In looking at leadership scandals and the tendencies of today’s political leaders to be Narcissistic Sociopaths, it struck me, where were the women?
As I thought about it more, I realized that very few of the scandals that are plaguing politics in Canada, the US and Europe today are being initiated by women leaders. And what’s up with that? Women are more successful these days in breaking through the glass ceiling but then why aren’t there more scandals involving women?
Are women just more ethical than men? Are the numbers of women in leadership scandals too few or have they not been there long enough for us to notice a trend in woman initiated scandals?
Since Freud says that everything we do springs from two motives: the urge for sex and the desire to be great, one would expect that the combination of the two would result in just as many scandals involving women as men.
But that’s not the case. Scandals seem to be the virtually exclusive purview of men. While leadership isn’t only about avoiding scandals, is it perhaps that women make better leaders than men?
Do you remember Eleanor Clitheroe (sp?, Ontario Hydro)? I think the untouchable Hazel McCallion made news recently regarding her feting City contracts to her family members.
Oh I’m sure the same ratio of female leaders get up to their fair share of misdeeds as their male counterparts. 3 reasons why we don’t see it as much:
1. There are less women at the top than men (for now, and for less time – as you mentioned).
2. They are much better at concealment or are assumed to have better behaviour (perhaps this is sexist, but I think a considerable number of women might agree).
3. Female leaders commit boring scandals (this point has absolutely no fact-based evidence and should be stricken from the record – but Mayor McCallion’s handling of City Contracts – BORING!).
I like how you say “…leadership isn’t only about avoiding scandals…” – as if creating and avoiding scandals is listed as one of the main job duties for your everyday CEO / President / Politician type. That’s funny!
In regards to quality of leadership, I like to believe it is a trait that transcends any type of demographic division. In this day-in-age I hope I am in the growing majority.

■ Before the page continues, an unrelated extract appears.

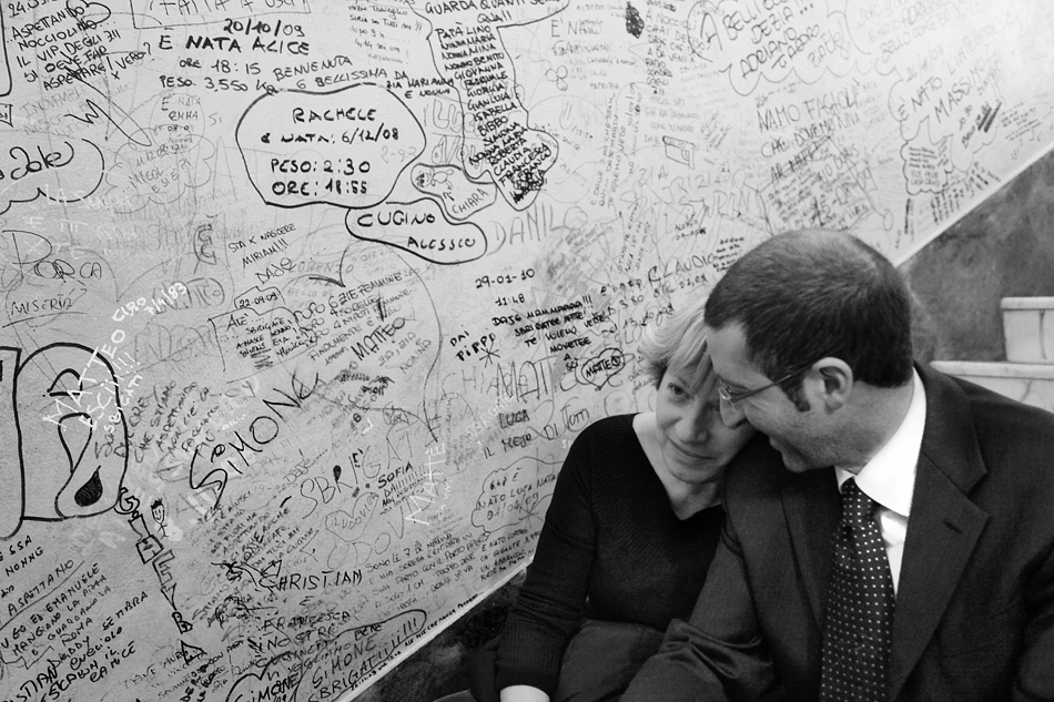 Ricordo che in una mia proposta street, belgarath bocciò le scritte troppo presenti...questa sfilata di graffiti fa' tenerezza...un miscuglio di promesse d'amore...figli in arrivo...figli appena nati...la coppia sembra racchiudere nel gesto dolce di lei sul capo di lui tutte queste scritte...tutti questi momenti di sincera felicità...di sincera speranza...mi piace davvero molto...presumo fosse pure lei in attesa e mi sorge il dubbio sia la scala che porta a qualche ospedale...

Well Gord, you better read today’s post because while we may strive to think that all people are equal, that may not actually be the case. I think there is a case to be made that women are better leaders than men.
I’m not sure that Freud saw particularly clearly into the female psyche, as others observed later on. I think one of the differentiating factors in the possible lesser evils of female leadership is women’s general tendency to enjoy collaboration rather than competition. I would posit that in the act of collaborating, there is less room for deceit and scandal. It is also a reflection of a generally lesser quest for “greatness” as defined by a predominantly (or historically built) male system. It all ties in to the way in which women tend to seek meaning in their work and to move through life with very permeable boundaries between personal life and work life. Just offering some personal ruminations to ruminate over…
Thanks for the rumination. There are so many variables to leadership that it boggles my mind and yes, collaboration is one facet at which women excel.